The September 11th attack
Visitor industry laying off staff
By Johnny Brannon
Advertiser Staff Writer
Unemployment claims are skyrocketing as Hawai'i's economy reels from the impact of last week's terrorist attacks on the World Trade Center and Pentagon.
"I've never seen it this busy in the nine years I've worked here," said labor department spokesman Tom Jackson.
Many hotels and other businesses connected to the state's massive visitor industry have been hit especially hard as a dramatic drop in travelers brought Island tourism to a virtual standstill.
Yesterday, Aloha Airlines became the first local company to announce major layoffs when it joined the ranks of national carriers announcing cutbacks and said it will let go roughly 250 workers, with some of the cuts effective immediately. Hawaiian Airlines also expects to announce schedule and employee cutbacks.
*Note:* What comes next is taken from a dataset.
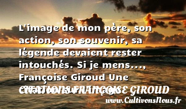L’image de mon père, son action, son souvenir, sa légende devaient rester intouchés.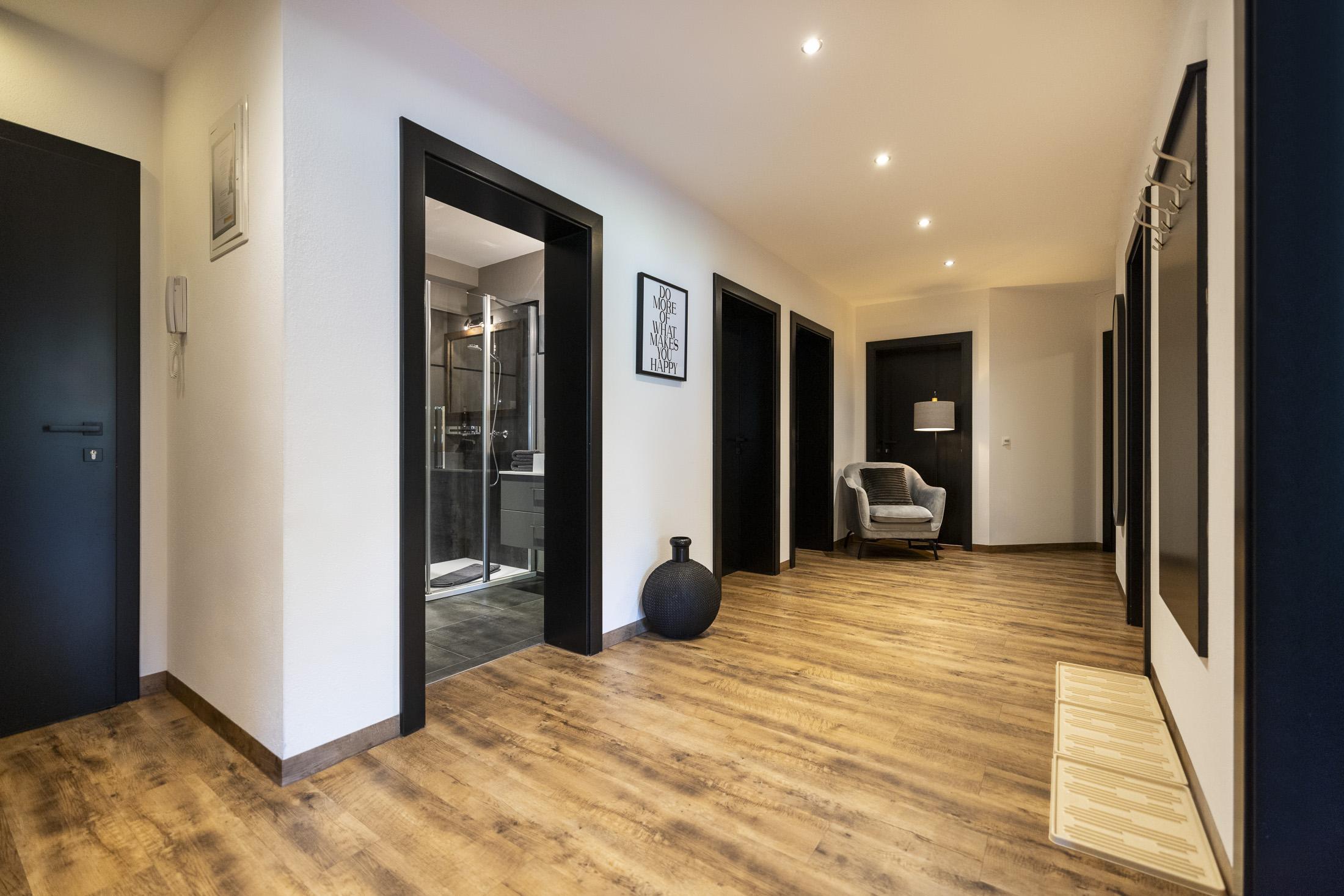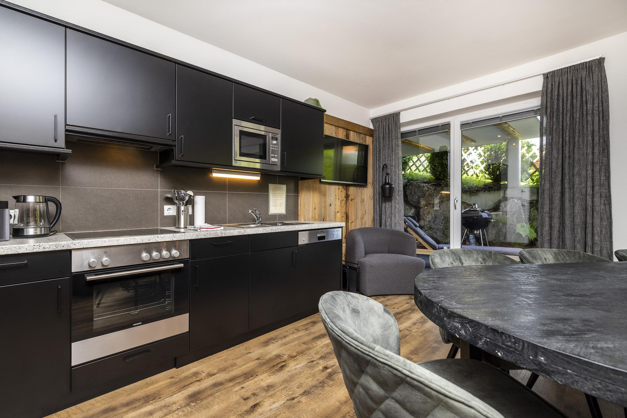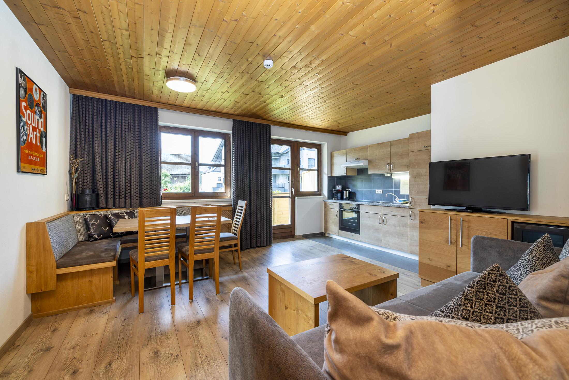 Neu errichtetes Appartement mit Wohnküche und Essecke, Ausziehcouch, 3 Schlafzimmer mit Doppelbett und Du/WC, Vorraum, Kabel-TV, Radio, Internetanschluss

Most of the state's major hotels and retailers said they had not had any large-scale layoffs, but most of the people applying for benefits this week have been from tourism businesses that have scaled back by cutting a few workers and reducing employee work hours.
Many workers streaming into the unemployment office in Honolulu hadn't worked for days and had no idea when they would be called back. Such workers are eligible for partial benefits based on the number of work hours they miss, regardless of whether they are still considered employed.
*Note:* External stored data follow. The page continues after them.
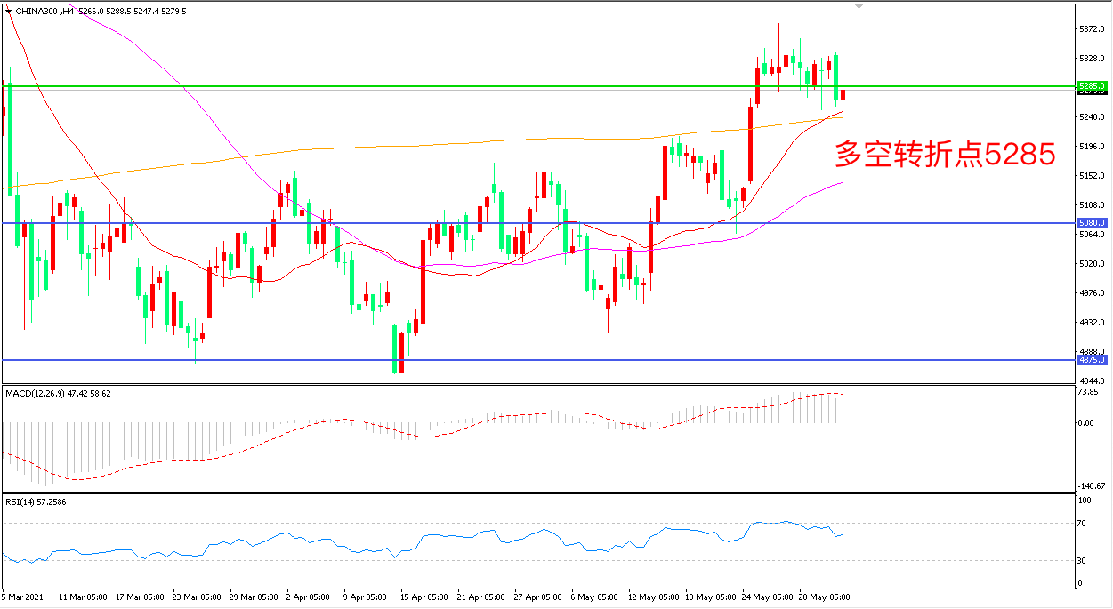 4小时图看,沪深300高位震荡后长阴下坡,短线涨势暂缓,21周期均线成为下方支撑,5285成为多空分水岭,短期均线拐头向上,MACD红柱增加,RSI指标走平,日内震荡上行概率较大。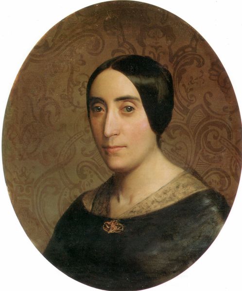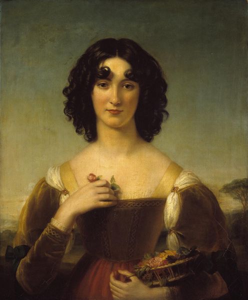 Curator: Looking at Elisabeth Jerichau Baumann's "A Roman Woman," dating from the 1840s and housed right here at the SMK, one immediately observes how the oil paint lends itself to capturing the delicate fabrics and nuanced complexion. What are your initial thoughts, Editor? Editor: The air is thick with unspoken stories! I see a woman, yes, but more than that, I feel a life lived with a quiet intensity, a hint of sun and shadows behind her gaze. It’s not just a portrait, it's a whisper of a world. Curator: Baumann, amidst the Romantic movement, very consciously created these intimate portraits of women, focusing on their representation, sometimes even using local models as signifiers of cultural exchange, wouldn't you agree? Notice the lace shawl; its likely Italian, the gold earrings are definitely markers of status. Editor: Absolutely! I see that tension between display and authenticity. She is holding a fan, yet it's almost like she's peering right through me. Did you also feel like the romantic framing gives it a stage-like presence that separates it from being an objective piece? Curator: Precisely! Baumann's portraits also acted as marketable depictions for the European gaze, showcasing women of other cultures. Oil paints would allow her to create very sensuous texture too. I do wonder about the artist's choices when creating for her target audience and what that says about consumption and cultural projection at the time. Editor: It's intriguing to consider those layers, isn't it? But in the end, my eye always returns to her eyes – that slight downturn that betrays something deeper. Even a controlled portrait like this can’t help but leak emotion! It almost reminds you that perfection in paintings don’t really mean anything! Curator: A testament to the skills needed to produce those textures! The details become integral components to her cultural identity within the market place! It makes you reflect how an artwork becomes entangled with identity, class and production. Thank you, this was incredibly enlightening! Editor: Always a pleasure. Until the next masterpiece then! I know that each time there is an artwork involved, there will always be a spark waiting.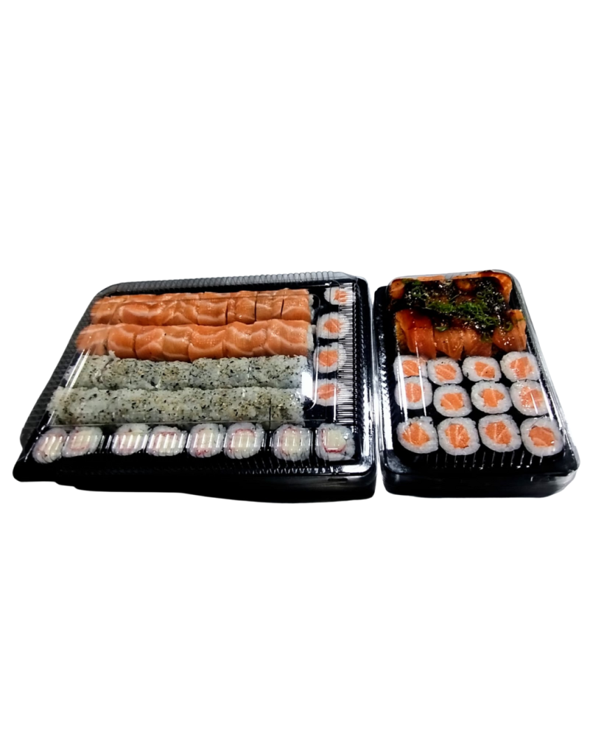 04 Uramaki Salmão Filadelfia, 04 Uramaki Kani , 04 Uramaki Skin Filadelfia, 08 hot panko ,04 hossomaki salmão, 04 hossomaki kani, 02 niguiri skin, 02 niguiri salmão ,02 niguiri kani, 02 joe salmão , 04 sashimi salmão.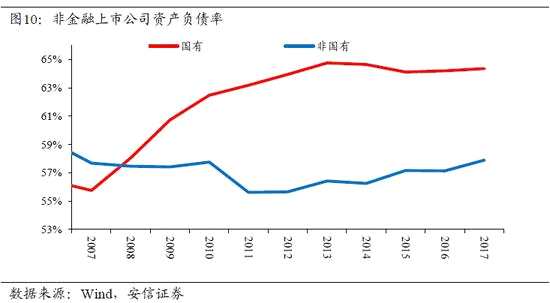 研究不同口徑的企業(yè)部門的資產(chǎn)負債率數(shù)據(jù)容易發(fā)現(xiàn),無論是工業(yè)企業(yè)還是非金融上市公司,以資產(chǎn)負債率形式體現(xiàn)的杠桿上升主要集中在國有企業(yè);作為對比,金融危機以來,民營企業(yè)的杠桿率總體上沒有上升。

Several large hotels that cut back on workers' hours have arranged for unemployment officials to process large numbers of claims on-site, Jackson said. Unemployed workers who qualify can receive a maximum of $383 per week for up to six months, but federal labor officials could extend the time limit if necessary.
State economist Pearl Imada Iboshi said there is no immediate way to quantify the Sept. 11 terrorist attacks' impact on the state's economy. But officials fear that the unemployment lines will steadily grow if the downturn lasts much longer and the threat of large-scale layoffs grows. Hotels continue to report low occupancy and businesses statewide from restaurants to skydiver schools continue to suffer.
Matthew Ching, who works for a company that produces weddings for visitors from Japan, hasn't worked since Saturday.
"I'm the only one supporting my family, so I need some kind of money coming in," he said. "Right now we're down to my last paycheck, and after that we'll have to use credit cards. It's really depressing to see everyone out of work. There's just no money coming into Hawai'i."
Hotel operators say they hope to avoid laying off workers completely and are optimistic the industry will recover quickly.
"Layoffs is the last thing we want to do, and we don't anticipate it," said Claire Morris-Dobie, spokeswoman for the 639-room Hyatt Regency Kaua'i Resort and Spa. Occupancy levels are down, she said, but some guests who were delayed on other islands while airports were closed are now arriving, and others who postponed trips have now rescheduled and are due to come soon.
Cynthia Rankin of Starwood Hotels said the company, which operates more than 7,000 rooms in 13 hotels across the state, said the company had not laid off any employees but had definitely reduced work hours.
"Hopefully that will be the extent of it," she said. "Everyone's hurting and there's a trickle-down effect, but we're hoping it's going to start picking up in the next couple weeks."
The 3,000-room Hilton Hawaiian Village hasn't laid anyone off but has also reduced staff levels by cutting some work hours, spokeswoman Paula Imamura said.
"It's a short-term solution at this time," she said. "We're looking at this on a day-to-day basis and making adjustments. Everyone in the tourism industry right now is facing adjustments."
Hawai'i Hotel Association president Murray Towill said it was too early to know whether widespread layoffs could be expected soon. That will depend largely on how the United States responds to the attacks and on whether any more would occur.
"Part of the issue is the uncertainty of what's happening next," Towill said. "None of us know."
Most travel marketing efforts have been put on hold since the attacks, out of respect for the situation and a realization that advertising would not do much good right now, he said.
"The real issue is the timing of getting back into the marketplace," Towill said. "It's really a sensitivity issue and an effectiveness issue."
Jack Hufstetler, operations director for many hotel shows and special events across the state, said he never dreamed that the work force could be damaged so badly so quickly and that he would be waiting in the unemployment line.
"I'm just amazed at the impact of this terror attack," he said. "You would never guess how deep it would penetrate into Hawai'i's economy. Now everyone in Hawai'i is a victim of the attack."